Task prompt
Retype the listing in full. Change nothing.

☆ ☆ ☆ ☆ ☆

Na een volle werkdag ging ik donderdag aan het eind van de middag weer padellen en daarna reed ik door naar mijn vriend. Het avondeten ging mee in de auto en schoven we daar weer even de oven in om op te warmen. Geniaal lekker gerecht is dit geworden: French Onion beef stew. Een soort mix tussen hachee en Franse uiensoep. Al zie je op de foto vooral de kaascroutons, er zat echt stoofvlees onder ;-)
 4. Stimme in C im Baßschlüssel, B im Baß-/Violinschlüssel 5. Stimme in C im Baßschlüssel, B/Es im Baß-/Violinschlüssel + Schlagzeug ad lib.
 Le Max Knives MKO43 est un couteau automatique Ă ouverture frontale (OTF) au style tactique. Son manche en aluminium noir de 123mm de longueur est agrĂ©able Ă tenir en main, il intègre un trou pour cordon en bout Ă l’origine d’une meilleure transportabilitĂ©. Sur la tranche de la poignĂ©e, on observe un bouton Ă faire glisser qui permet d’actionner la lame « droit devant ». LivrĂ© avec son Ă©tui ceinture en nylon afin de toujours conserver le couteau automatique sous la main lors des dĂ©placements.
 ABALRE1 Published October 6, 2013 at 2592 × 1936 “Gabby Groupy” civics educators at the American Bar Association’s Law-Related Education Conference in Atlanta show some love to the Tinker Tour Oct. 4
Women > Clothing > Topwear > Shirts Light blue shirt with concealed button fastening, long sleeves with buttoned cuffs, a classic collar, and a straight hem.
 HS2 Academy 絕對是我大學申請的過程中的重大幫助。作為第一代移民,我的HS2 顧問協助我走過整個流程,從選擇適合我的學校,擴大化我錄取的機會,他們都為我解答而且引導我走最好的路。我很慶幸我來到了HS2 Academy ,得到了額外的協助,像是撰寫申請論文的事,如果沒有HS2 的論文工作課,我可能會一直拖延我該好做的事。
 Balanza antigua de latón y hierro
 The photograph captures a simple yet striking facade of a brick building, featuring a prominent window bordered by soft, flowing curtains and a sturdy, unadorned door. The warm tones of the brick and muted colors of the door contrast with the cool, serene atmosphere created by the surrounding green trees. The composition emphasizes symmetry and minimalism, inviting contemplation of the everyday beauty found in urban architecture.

☆ ☆ ☆ ☆ ☆

Finished task
Na een volle werkdag ging ik donderdag aan het eind van de middag weer padellen en daarna reed ik door naar mijn vriend. Het avondeten ging mee in de auto en schoven we daar weer even de oven in om op te warmen. Geniaal lekker gerecht is dit geworden: French Onion beef stew. Een soort mix tussen hachee en Franse uiensoep. Al zie je op de foto vooral de kaascroutons, er zat echt stoofvlees onder ;-)
 4. Stimme in C im Baßschlüssel, B im Baß-/Violinschlüssel 5. Stimme in C im Baßschlüssel, B/Es im Baß-/Violinschlüssel + Schlagzeug ad lib.
 Le Max Knives MKO43 est un couteau automatique Ă ouverture frontale (OTF) au style tactique. Son manche en aluminium noir de 123mm de longueur est agrĂ©able Ă tenir en main, il intègre un trou pour cordon en bout Ă l’origine d’une meilleure transportabilitĂ©. Sur la tranche de la poignĂ©e, on observe un bouton Ă faire glisser qui permet d’actionner la lame « droit devant ». LivrĂ© avec son Ă©tui ceinture en nylon afin de toujours conserver le couteau automatique sous la main lors des dĂ©placements.
 ABALRE1 Published October 6, 2013 at 2592 × 1936 “Gabby Groupy” civics educators at the American Bar Association’s Law-Related Education Conference in Atlanta show some love to the Tinker Tour Oct. 4
Women > Clothing > Topwear > Shirts Light blue shirt with concealed button fastening, long sleeves with buttoned cuffs, a classic collar, and a straight hem.
 HS2 Academy 絕對是我大學申請的過程中的重大幫助。作為第一代移民,我的HS2 顧問協助我走過整個流程,從選擇適合我的學校,擴大化我錄取的機會,他們都為我解答而且引導我走最好的路。我很慶幸我來到了HS2 Academy ,得到了額外的協助,像是撰寫申請論文的事,如果沒有HS2 的論文工作課,我可能會一直拖延我該好做的事。
 Balanza antigua de latón y hierro
 The photograph captures a simple yet striking facade of a brick building, featuring a prominent window bordered by soft, flowing curtains and a sturdy, unadorned door. The warm tones of the brick and muted colors of the door contrast with the cool, serene atmosphere created by the surrounding green trees. The composition emphasizes symmetry and minimalism, inviting contemplation of the everyday beauty found in urban architecture.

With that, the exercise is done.